Personally I have two ideas regarding causality that are the reason I don't write time travel fics. If we consider augury--the ability to see the future--a form of time travel then the question becomes: are we seeing the future in which we saw the future or the future in which we didn't.

If the future we see is the one wherein we saw the future, we are compelled to act in a manner defined in part by personality, and in part by circumstance. This would indicate that future is inescapable. Our actions have no effect on the outcome as what we do is already determined by who we are. Even the notion to make a choice to try to break free of that is itself an ingrained in our personalities--part of who we are.

On the other hand, if the future we see is one in which we didn't see the future then it is an impossible future, as the present is already different from that future's past. We can of course try to make that future occur but it can never be because that future is based on a different past than has occurred. Time travel itself is very much the same. Unlike augury however, time-travel has the added problem of going in more than one direction.

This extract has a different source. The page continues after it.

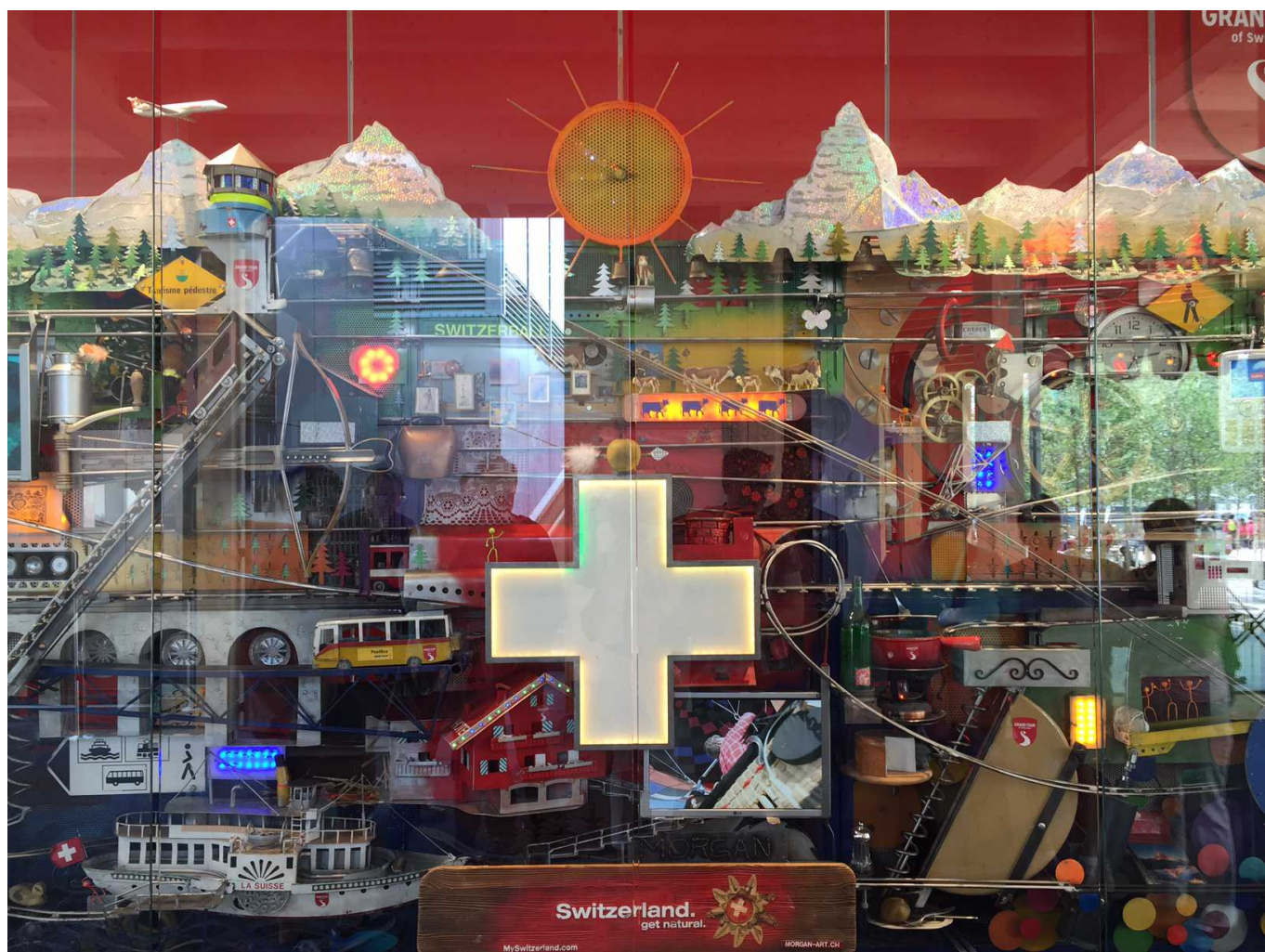
Витрина Швейцарского павильона на Экспо-2015

Author: Надежда Сикорская, должники в швейцарии , 28.05.2015.

For time travel specifically there is funnily enough an idea that once you arrive in the past it ceases to matter from whence you came, or how you got there, because you exist then regardless of what comes after. There is speculation among scientists that objects in the fourth dimension can break, and become severed, very much the same way that objects in the third dimension can, and be "mended" or "glued" back together again. That is how I prefer to think of time travel. Not moving through time, but instead the breaking of our fourth dimensional self, and redistributing the pieces. Thinking of a time traveler as one continuous fourth (or above) dimensional object is what leads to many of the paradoxes we see discussed.

In short, the only way to really write a time-travel story is to stop thinking about time as a line, any kind of line. Try thinking of it as an object instead. Some physical prop on a stage. It plays a part in your story, and can be manipulated by members of the cast, but is itself its own entity independent of those who manipulate it.